A trust allows these individuals to benefit from your estate while still receiving retirement income and medical benefits. This may not be possible if you allow for a direct payout from a will or life insurance policy.
Anyone Who Wants to Keep Assets Private
Any information filed in a probate proceeding is public. Inquiring individuals can visit the courthouse and pull information regarding real estate, personal property, and even amounts lingering in bank or investment accounts.
This is often a concern for high-profile people but also those who went through a nasty divorce or have estranged relationships with family members. It can reduce conflict if you keep your property interests private and unavailable.
However, keep this in mind.
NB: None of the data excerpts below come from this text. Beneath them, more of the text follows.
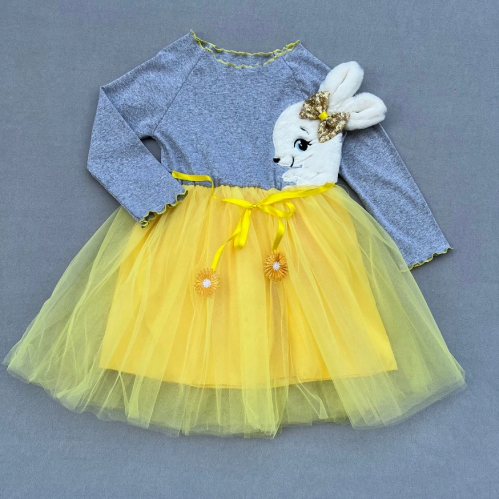 5-6-7 Yaş Pelüş Tavşan Desenli Kurdela Kuşaklı Astarlı Kız Çocuk Tütü Elbise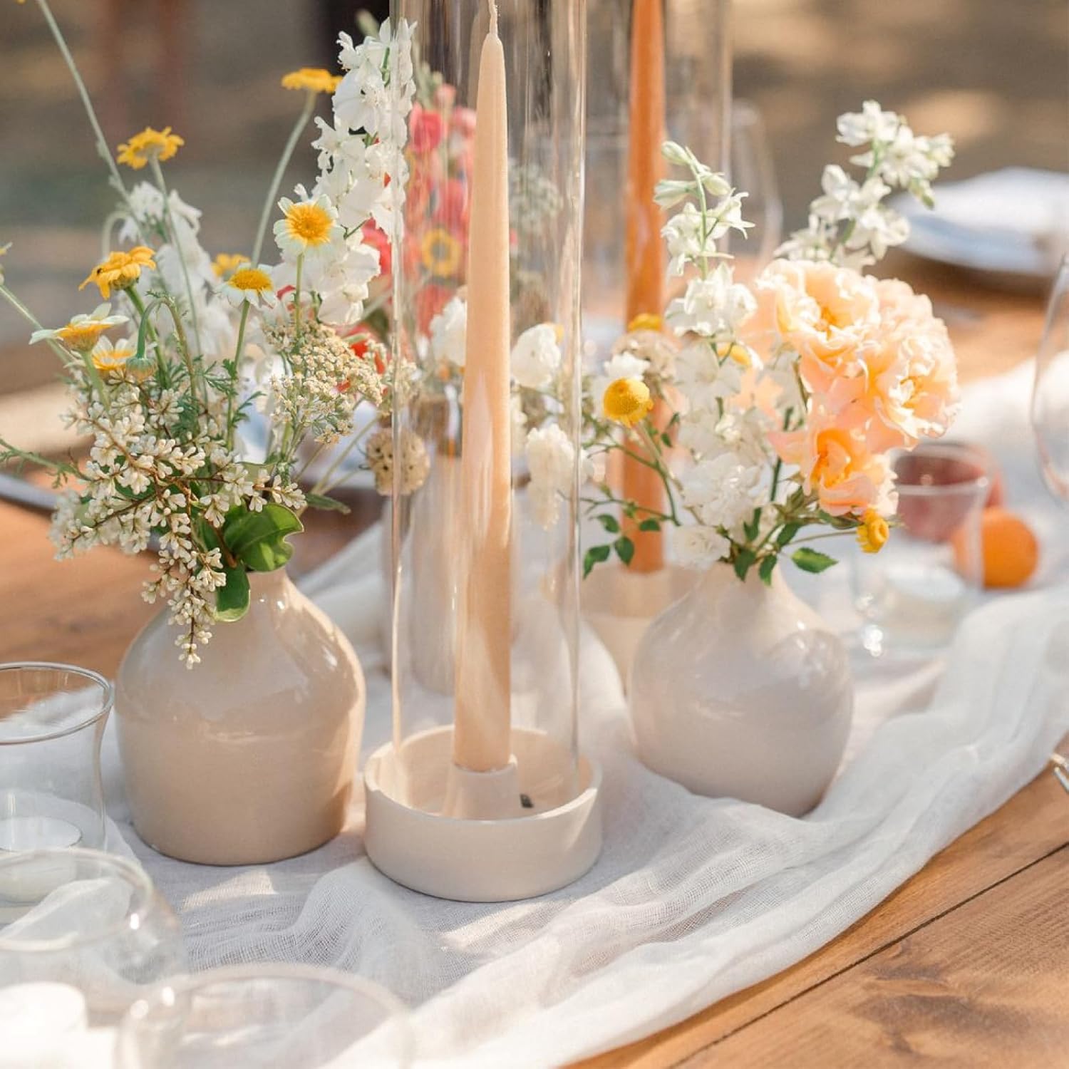 - 【Diversified Use】Boho cheesecloth Table Runner is necessary choice for beautifying tables. It's used for home decor, outdoor events, formal and informal setting in all seasons. Such as wedding decor, baby shower, bridal showers, parties, engagement banquet, Valentine's Day, Thanksgiving, Christmas.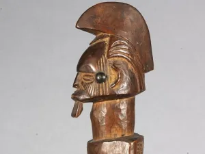 Une statue qui protège de la mort ? Selon les rites de l’ethnie Téké, cette statuette possède, entre autres, le pouvoir d’écarter du village la maladie et la mort. Seul le devin (appelé nganga) connait les formules qui donne à ces statuettes leur pouvoir magique.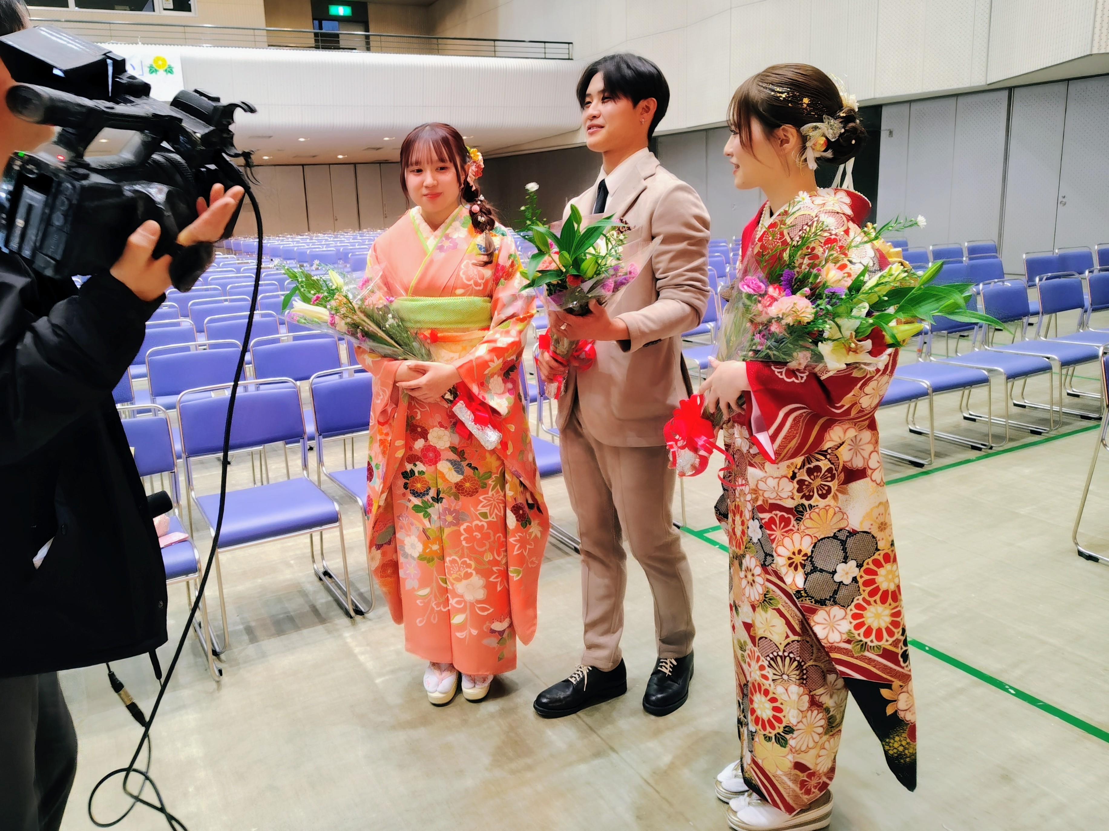 式典終了後は、久しぶりに再会した同級生と語り合う姿が見られ、写真撮影を楽しむなど、和やかな雰囲気に包まれていました。

While your probate proceeding will be public, it does not expose sensitive information like social security or account numbers. If that is what you are most concerned about privacy-wise, you do not have to be concerned about probate. But if your circumstances are more sensitive, a trust will keep your estate confidential.
Those Facing Estate Taxes
Trusts are most frequently used to control the possibility of estate taxes. In Oregon, any estate valued below $1 million is not taxable. But if a value assessment reveals that your estate is currently worth more than that or has the possibility of reaching that mark, a trust may offer needed tax protection.
Anyone Owning Out-of-State Property
If you own a vacation home or land in another state, your personal representative will have to file an additional probate proceeding to allow it to be liquidated or passed on to a new owner. Placing it in a trust avoids that extra step.
Another solution is to place a joint owner on the property title. If the out-of-state property is the only reason you would benefit from a trust, this is a better solution.
When you visit an estate planning attorney in West Linn, OR she will review your assets, their value, and your preferences for distribution. Depending on your circumstances, you may benefit from a will, trust or a combination of both. Estate planning is flexible in that it can be customized to your individual circumstances so your family benefits from Oregon probate law rather than faces hassle.